The Department of Agriculture oversees the Women, Infants and Children program, known as WIC, which provides grants to states for supplemental foods, health care referrals and nutrition education for low-income women who are pregnant or with young children, as well as to infants and children up to age 5 who are found to be at nutritional risk.

The inspector general report, completed at the end of September, focused on more than just Georgia, finding that the Department of Agriculture’s food program didn’t have a good system for monitoring state agencies’ food costs to ensure “federal resources are being used efficiently” in the WIC program.

The department did not always identify problems at state agencies that run the program on the local level, the audit said. When it did identify problems, federal officials didn’t always follow up to make sure corrective action was taken, the audit said.

That led to “missed cost-saving opportunities,” the inspector general concluded, adding that if the department managed its resources better it “could generate savings it could use to provide benefits to more participants and help further the program’s mission.”

In the report, officials from the U.S. Department of Agriculture highlighted many of the efforts they already undertake to keep costs down, and said they were addressing other issues identified by the inspector general. In Georgia, the state agency responsible for running WIC said fixes had long been underway.

Brenda Fitzgerald, commissioner of the Georgia Department of Public Health, said in an interview that Georgia had been doing a poor job managing its WIC program.

At the time she came into office, “WIC was indeed a problem,” Fitzgerald said, adding that, “We absolutely acknowledge that Georgia had not been doing well. We set about to fix it.”

Among the main fixes was to hire inspectors to crack down on fraudulent vendors.

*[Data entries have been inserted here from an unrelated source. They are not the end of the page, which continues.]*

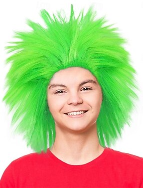 Perruques Vertes Perruque Synthétique Droite Coupe de Cheveux en Couches Asymétrique Perruque Fabrication Machine Courte Cheveux Synthétiques Verts Hommes Fête Naturelle Verte
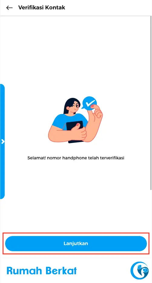 Nomor anda berhasil terverifikasi, klik tombol “lanjutkan”
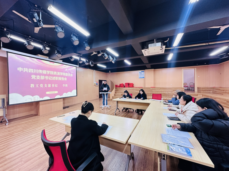 中共四川传媒学院表演学院委员会于2024年12月25日在A13-204组织开展2024年度党支部书记述职专题会,会议由党委书记张颖同志主持,学院党委委员、各支部书记参加会议。
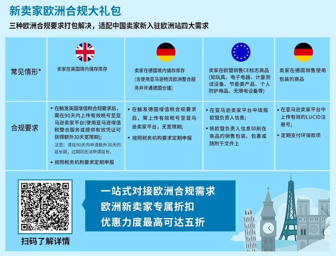 亚马逊推出新卖家欧洲合规大礼包,一站式解决增值税VAT问题,生产者责任延伸(EPR)要求,以及带有CE标志的商品在欧盟销售的合规要求。还为新卖家提供欧洲新卖家专属折扣,优惠力度最高可达五折。
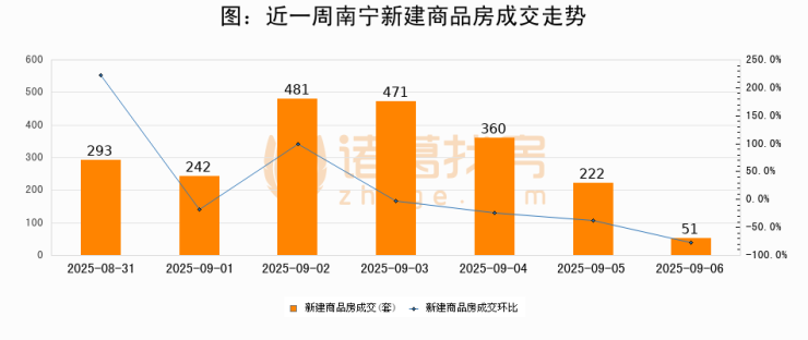 根据南宁市住房和城乡建设局数据显示,2025年09月06日南宁新建商品房成交51套,较昨日减少171套,环比下降77%。近一周南宁新建商品房日均成交303套。09月06日单日成交51套,低于近一周平均水平83.2%。
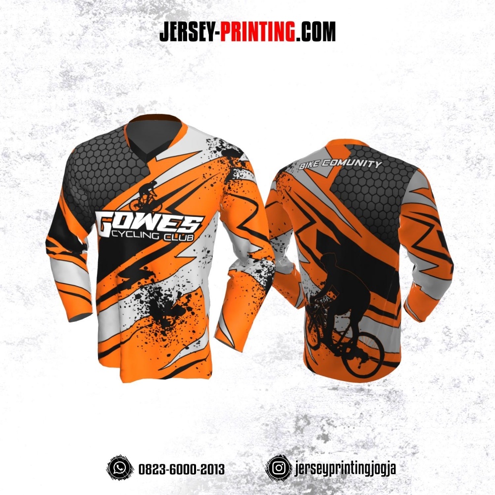 Jersey Gowes Sepeda Orange Hitam Abu Honeycomb Lengan Panjang
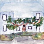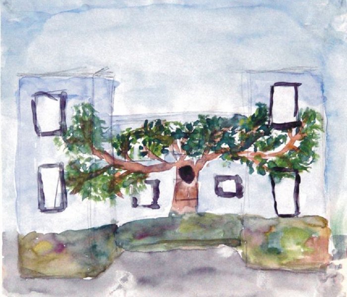 Сначала был проведен пленер (рисунок на натуре). Дети, привыкшие рисовать в четырех стенах, за партой, оказались на улице, там, где грязь, слякоть, ветер. На пленере рисовали здание их интерната.
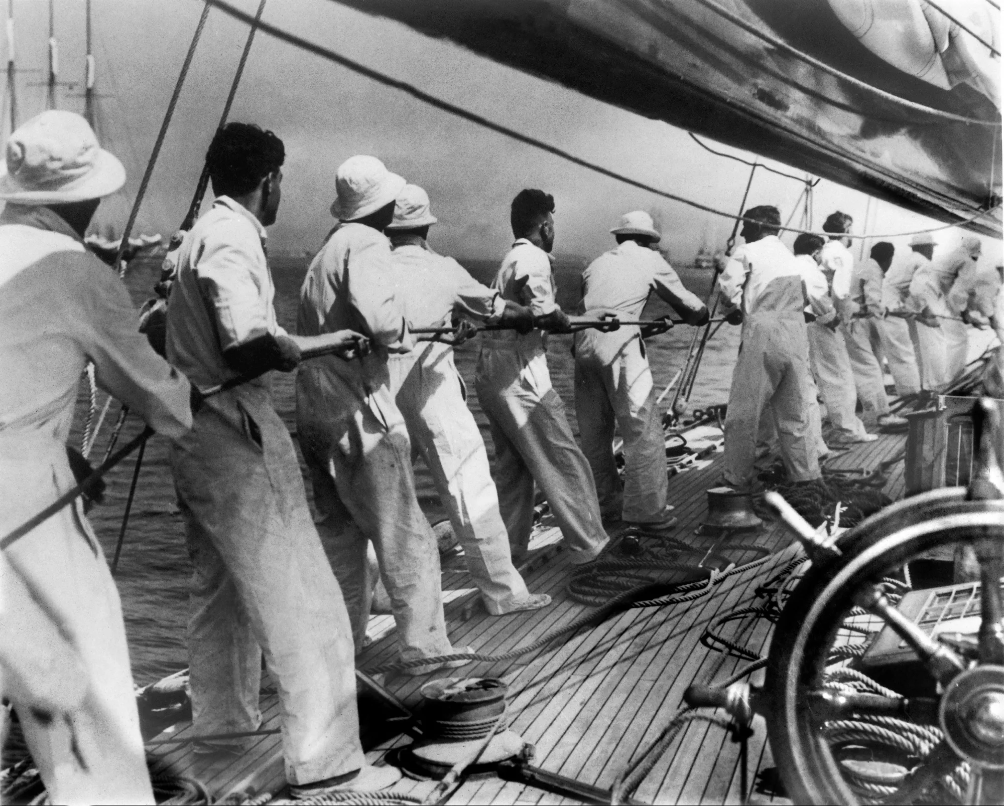 1930年代參加美洲盃的一支帆船隊。攝影:Keystone-France/Getty Images美洲盃每位參賽者的規則——包括賽道、日期和船隻參數——通常由兩家遊艇俱樂部共同商定:衞冕者(當前獎盃持有者)和首個有效挑戰者(符合資格的外國遊艇俱樂部)。整個20世紀大部分時間裏,衞冕者和挑戰者都同意建造並使用特定級別的船隻比賽,比如持續近三十年直至1987年的12米帆船。

“WIC was broken,” she said. “It was broken for a long time.”

The program in Georgia has been under the microscope and in the public eye in recent months for widespread problems with fraud and mismanagement.

The inspector general began its review of the WIC program in an attempt to understand wide variations in the WIC food costs per recipient. It reviewed the program in eight states and reviewed fiscal 2012 funding.

Georgia was one of the states and had the highest food cost per participant of the 50 states and District of Columbia, the report said.

According to federal data, Georgia was tops among states in spending per participant in fiscal 2011 and 2012, but costs dropped significantly in 2013, when the state ranked 17th.

Average monthly costs per recipient were nearly $62 in fiscal 2011, but down to $45 in fiscal 2013.

The audit identified several problems, some that went back several years.

As early as 2008, for example, the federal government found that Georgia did not effectively identify stores that got more than half of their sales from the WIC program; the program requires that states make sure that such vendors, heavily dependent on the WIC program, don’t cause higher food costs for the program in general.

But, according to the audit, that issue was still unresolved during reviews in 2010 and 2012. After a threat from the federal government to recover some of the money, and subsequent negotiations between the state and federal governments, the two sides agreed on a settlement in 2014 – six years after the issue was identified.

The state also was slow to disqualify certain vendors from the program. Even after receiving notification that a vendor had been disqualified from the separately managed food stamp program – formally known as Supplemental Nutrition Assistance Program, or SNAP – Georgia took between five and eight months to disqualify some vendors from WIC.

In all, nine vendors were able to redeem $1.8 million in WIC benefits after they had been disqualified from the food stamp program, the audit said.